Streptococcus suis, a major emerging pathogen in swine and humans, expresses immunoglobulin G (IgG)-binding proteins (IBPs), which contribute to the ability of organism to evasion of host immune system. The objective of this study was to identify novel pig IgG (pIgG) and human IgG (hIgG)-binding proteins and characterize the binding regions of enolase from Streptococcus suis serotype 2 (S. suis 2). Here, four pIgG-binding proteins (pIBPs) and five hIgG-binding proteins (hIBPs) were identified from S. suis 2 surface proteins by 2D-Far-western blot assays. All the newly captured proteins were expressed and further confirmed their binding activity to pIgG or hIgG by Far-western blot and dot blot. In addition to previously identified factor H, fibronectin, collagen, fibrinogen, plasminogen and laminin, we also found that both pIgG and hIgG can specifically interact with enolase. Binding assays indicated that interactions of S. suis 2 enolase with pIgG and hIgG is primarily mediated by the enolase C-terminal portion (Enolase-C, a.a. 142–432). We found that hIgG exhibited stronger binding ability to Enolase-C than pIgG. Further analysis of the C-terminal regions of enolase (Enolase-C1 and Enolase-C2) suggested that the C-terminus possessed two different binding domains with distinct host IgG proteins. Strikingly, we confirmed that pIgG interacted with the Enolase-C1 (a.a. 142–271) and hIgG interacted with the Enolase-C2 (a.a. 271–432). These observations of enolase provide interesting insights in the pathogenesis of S. suis infection.

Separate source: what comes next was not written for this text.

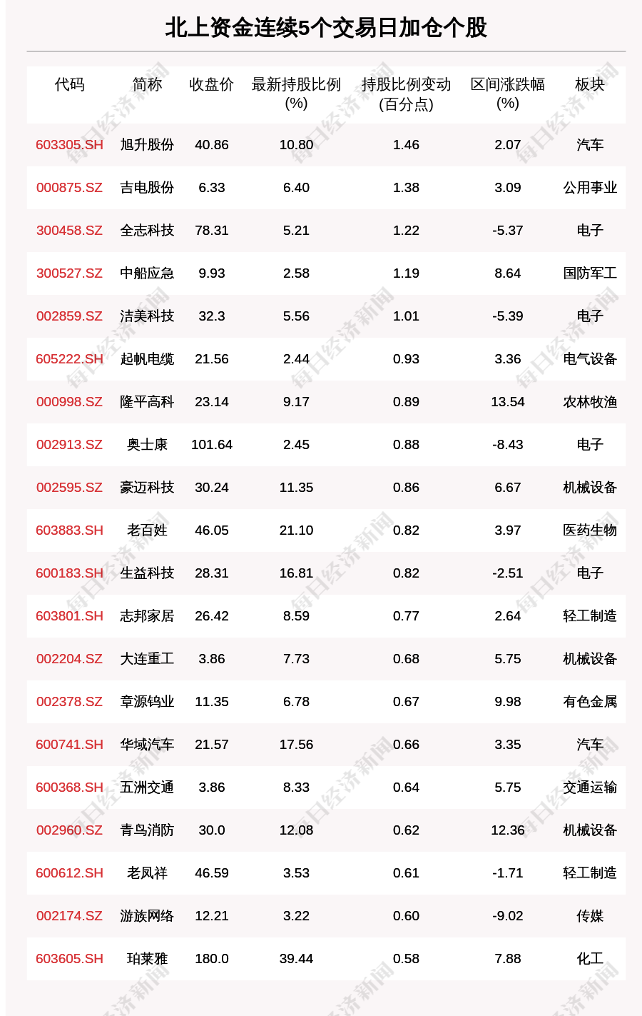 每经AI快讯,8月9日,北上资金连续5个交易日买入52个股。北上资金连续5个交易日加仓个股中,旭升股份(603305.SH,收盘价:40.86元)增持比例增幅最大,5个交易日增持1.46个百分点,其他增持比例较大的个股包括吉电股份(000875.SZ,收盘价:6.33元)、全志科技(300458.SZ,收盘价:78.31元)、中船应急(300527.SZ,收盘价:9.93元),分别增持1.38个百分点、1.22个百分点、1.19个百分点。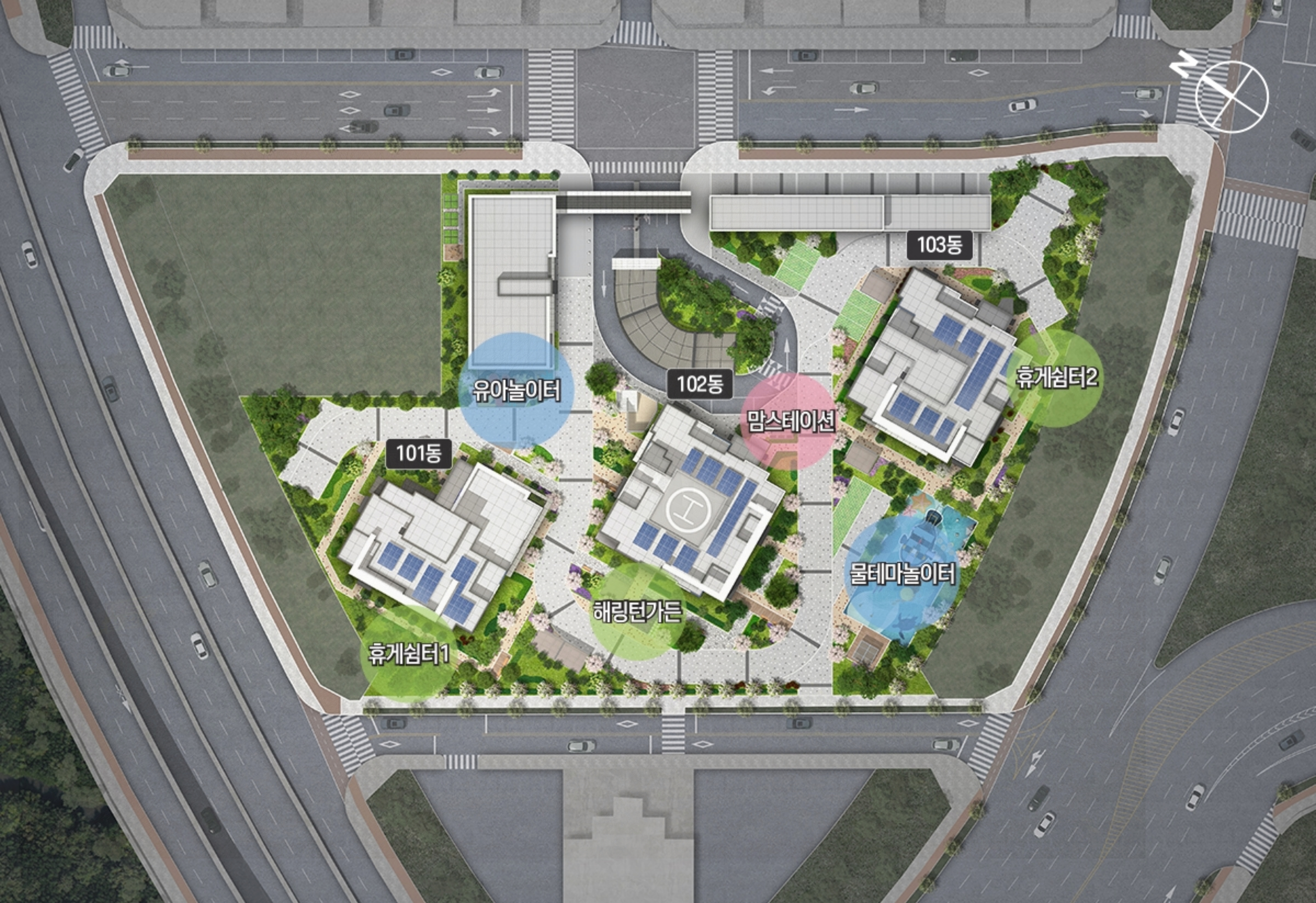 주차 공간은 총 544대로 넉넉하게 마련되어 있어 주차난 문제를 해소하며, 차량 이동은 모두 지하에서 가능하도록 설계되어 도보 통행과 분리되어 있어 주목을 받고 있습니다.

猪链球菌是猪和人的主要新兴病原体，它表达免疫球蛋白G（IgG）结合蛋白（IBP），这些蛋白有助于生物体逃避宿主免疫系统的能力。这项研究的目的是鉴定新型猪IgG（pIgG）和人IgG（hIgG）结合蛋白，并表征猪链球菌血清型2（猪链球菌2）的烯醇酶的结合区。在这里，从猪链球菌中鉴定出四个pIgG结合蛋白（pIBPs）和五个hIgG结合蛋白（hIBPs）。通过2D-Far-western印迹检测2种表面蛋白。表达所有新捕获的蛋白，并通过Far-western印迹和点印迹进一步证实它们与pIgG或hIgG的结合活性。除了先前确定的因子H，纤连蛋白，胶原蛋白，纤维蛋白原，纤溶酶原和层粘连蛋白外，我们还发现pIgG和hIgG均可与烯醇酶特异性相互作用。结合测定表明猪链球菌的相互作用2带pIgG和hIgG的烯醇酶主要由烯醇酶C末端部分介导（Enolase-C，aa 142–432）。我们发现，hIgG对烯醇酶C的结合能力强于pIgG。对烯醇化酶（Enolase-C1和Enolase-C2）C端区域的进一步分析表明，C端具有两个不同的结合域，具有不同的宿主IgG蛋白。令人惊讶的是，我们证实pIgG与Enolase-C1（aa 142-271）相互作用，而hIgG与Enolase-C2（aa 271-432）相互作用。烯醇化酶的这些观察结果为猪链球菌感染的发病机理提供了有趣的见解。